Abstract
The Linear Non-Threshold (LNT) process is used by virtually all governmental agencies to compute incidence of cancer as a consequence of exposure to a carcinogen. This comment applies the concept of Best Available Science (BAS) Metrics for Evaluation of Scientific Claims (MESC) derived from BAS to issues related to reliability of LNT hypothesis. This paper identifies the level of maturity of the LNT hypothesis and the associated uncertainties.
INTRODUCTION
The formation of the U.S. Environmental Protection Agency (EPA) in 1970 and the need for regulating environmental pollutants, emission of chemicals from manufacturing plants, application of pesticides and emission of radioactive materials from various operations, and numerous other environmental problems led to the application of risk assessment. Eventually this also led to the establishment of regulatory science as a new scientific discipline defined as an interdisciplinary and multidisciplinary branch of science constituting the scientific foundation of regulatory, legislative, and judicial decisions. One of the primary tools of regulatory science is risk assessment, a component of risk analysis that also includes risk management (an administrative process for policy makers) and risk communication (a process for informing not only the stakeholders but also the general public).
Health risk assessment requires the establishment of a dose-response function. The Linear Non-Threshold (LNT) hypothesis is used primarily for establishing the relationship between the exposure and carcinogenic effect of specific agents. The origins of LNT go back to Hermann Joseph Muller who, in 1927, demonstrated that exposure to x-rays caused genetic mutations. Shortly thereafter, he published the results of his studies in English (Muller 1927). In 1928, the International Commission on Radiological Protection (ICRP) was formed, thus followed by the organization that eventually was named National Council on Radiation Protection and Measurements (NCRP). In 1955, the General Assembly of the United Nations formed the Scientific Committee on the Effects of Atomic Radiation (UNSCEAR). One of the first comprehensive reports on health effects of ionizing radiation was prepared by the National Research Council, the research arm of the National Academy of Science, National Academy of Engineering, and the Institute of Medicine. The report known as BEIR III (NRC 1980) includes not only the status of science but also the history of the subject. In 1965, the International Agency for Research of Cancer (IARC) was formed, primarily to address exposure to chemical agents. One of the most famous and historic studies that included the LNT process was the so-called Rasmussen report (USNRC 1975) that attempted to use the probabilistic risk assessment to predict potential consequences of nuclear power accidents. That report used the LNT process for computing human health risks resulting from an accident.

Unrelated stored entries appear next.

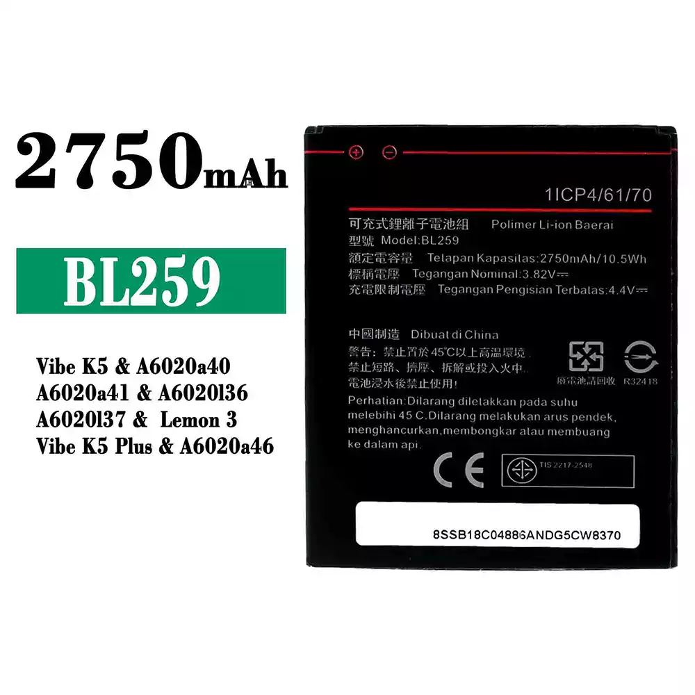 Battery BL259 for Lenovo Vibe K5 / A6020a40 / A6020a41 / A6020136 / A6020137 / Lemon 3 / Vibe K5 Plus / A6020a46
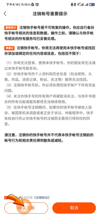 6、最后点击“确认注销”选项,快手账号就注销成功了。
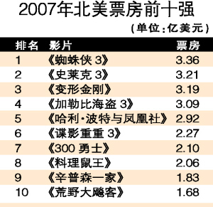 尚有數(shù)天便告別2007年,是時(shí)候?yàn)楹萌R塢電影發(fā)一張票房成績(jī)表。今年,《蜘蛛俠3》以3.36億美元(約合25億人民幣)成為北美最賣(mài)座電影。綜觀今年電影票房,仍然是特技片與動(dòng)畫(huà)片的天下,由香港動(dòng)畫(huà)師許誠(chéng)毅執(zhí)導(dǎo)《史萊克3》領(lǐng)跑動(dòng)畫(huà)片,以3.21億美元排名第二。
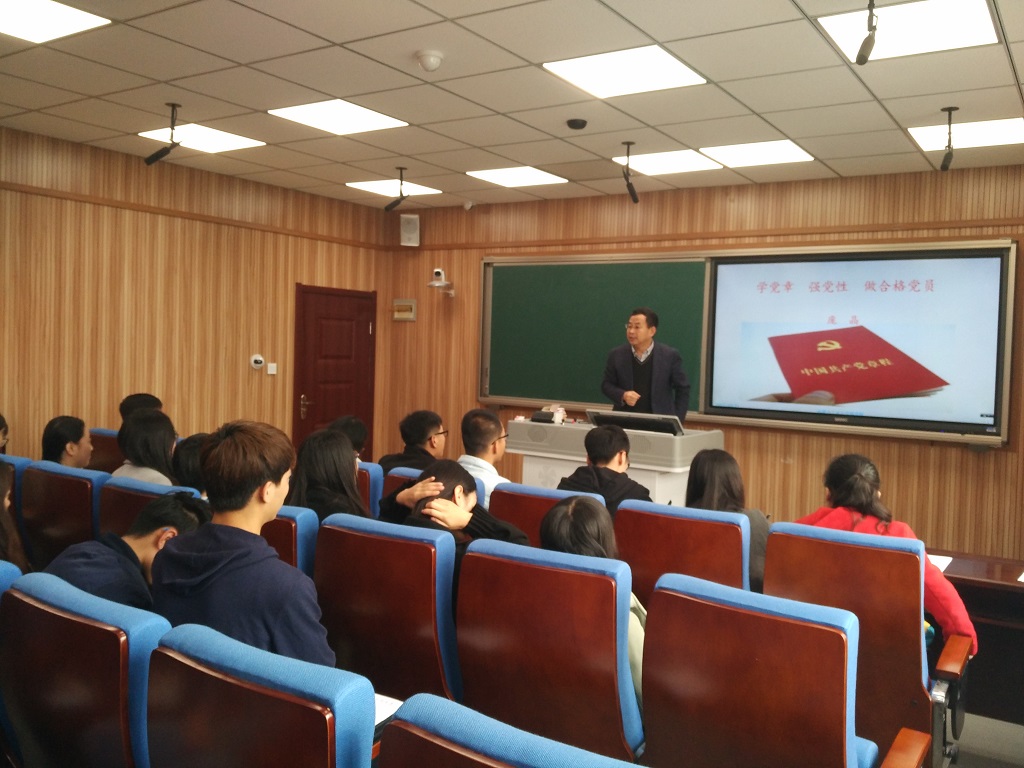 随后,庞晶为全体学员讲题为《学党章强党性做合格党员》的党课。他从中国共产党的诞生讲起,以历届中国共产党全国代表大会与党的章程为脉络,解读党对中国革命和社会主义建设的认识是一个不断深化的长期历史进程。他强调,坚持理论联系实际,自觉维护群众利益,做一名“接地气”的合格党员。两节课中,老师们精妙新颖的讲解使在场学员沉浸其中、产生共鸣,报告现场掌声阵阵。
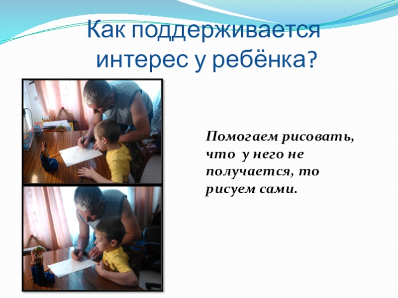 Помогаем рисовать, что у него не получается, то  рисуем сами. Как поддерживается  интерес у ребёнка?
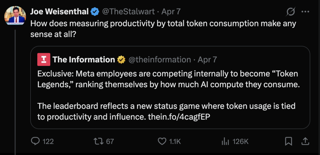 彭博社旗下知名媒体人 Joe Weisenthal 在 X 平台上直接质问道:“用 token 总消耗量来衡量生产力究竟有什么意义?”
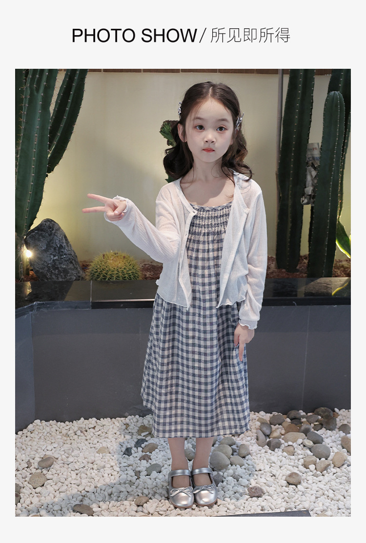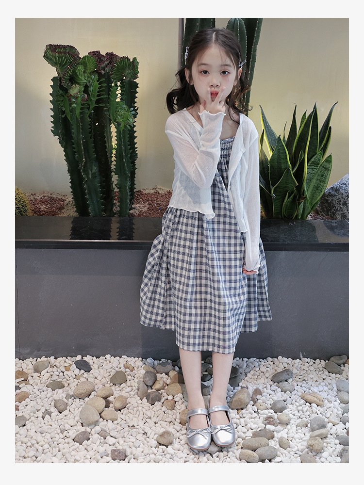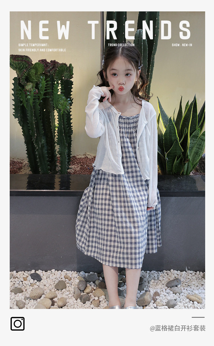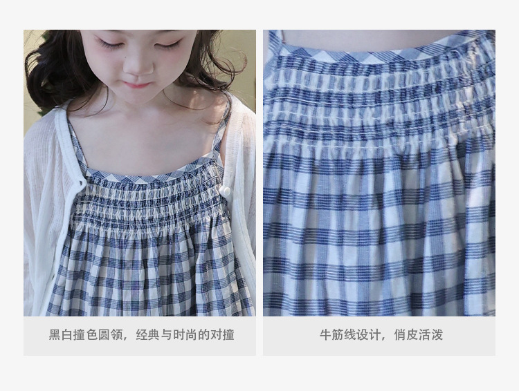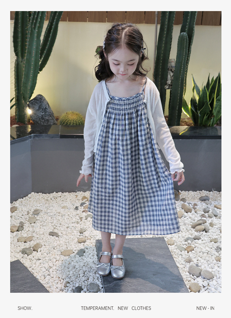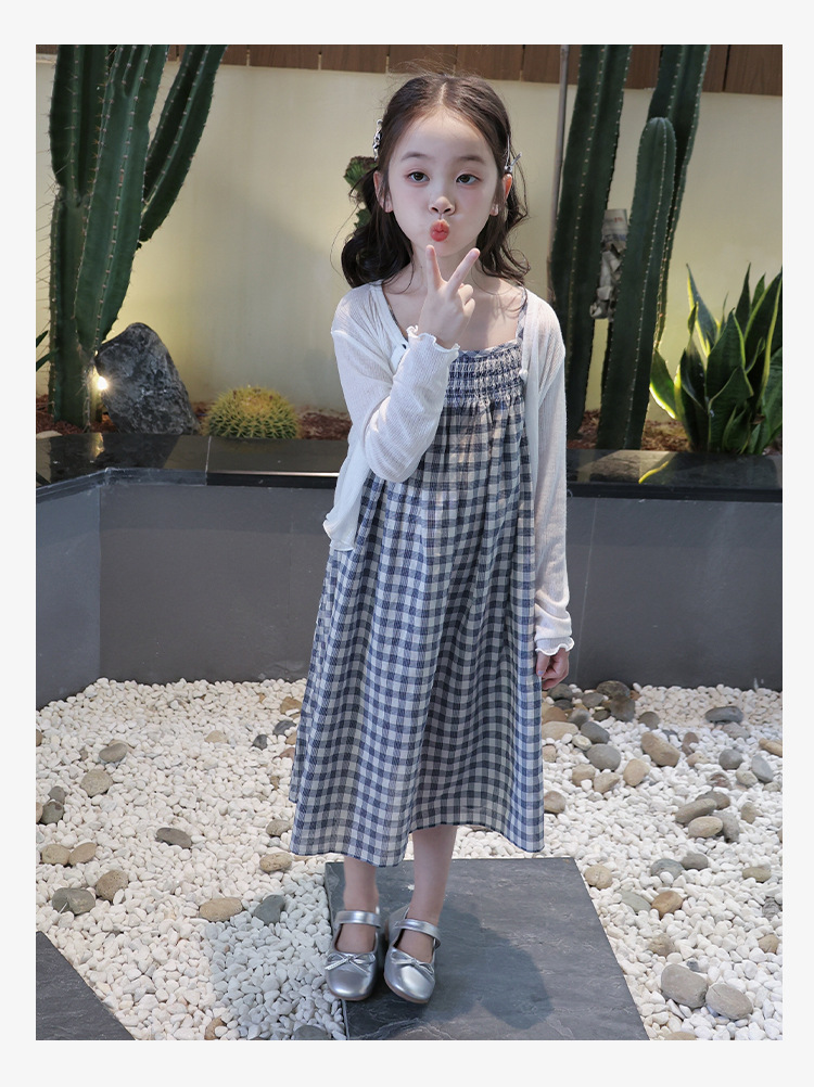 어린이 여름 캐주얼 원피스 소녀 한국 스타일 웨스턴 스타일 체크 무늬 슬립 스커트 아기의 여름 민소매 긴 스커트

Since that time, LNT has been used by virtually all government agencies in the U.S. and elsewhere to compute incidence of cancer as a consequence of exposure to a carcinogen. Although the decision of designating an agent as a carcinogen is associated with a significant number of assumptions and judgments, this paper is not intended to address them. Instead, we attempt to apply the concept of Best Available Science (BAS) Metrics for Evaluation of Scientific Claims (MESC) derived from BAS (Moghissi et al. 2010) to issues related to reliability of LNT hypothesis. In particular, the application of the BAS/MESC system would identify not only the reliability but also the level of maturity of the science upon which the LNT hypothesis is based. Finally, the BAS/MESC separates science from issues outside the purview of science.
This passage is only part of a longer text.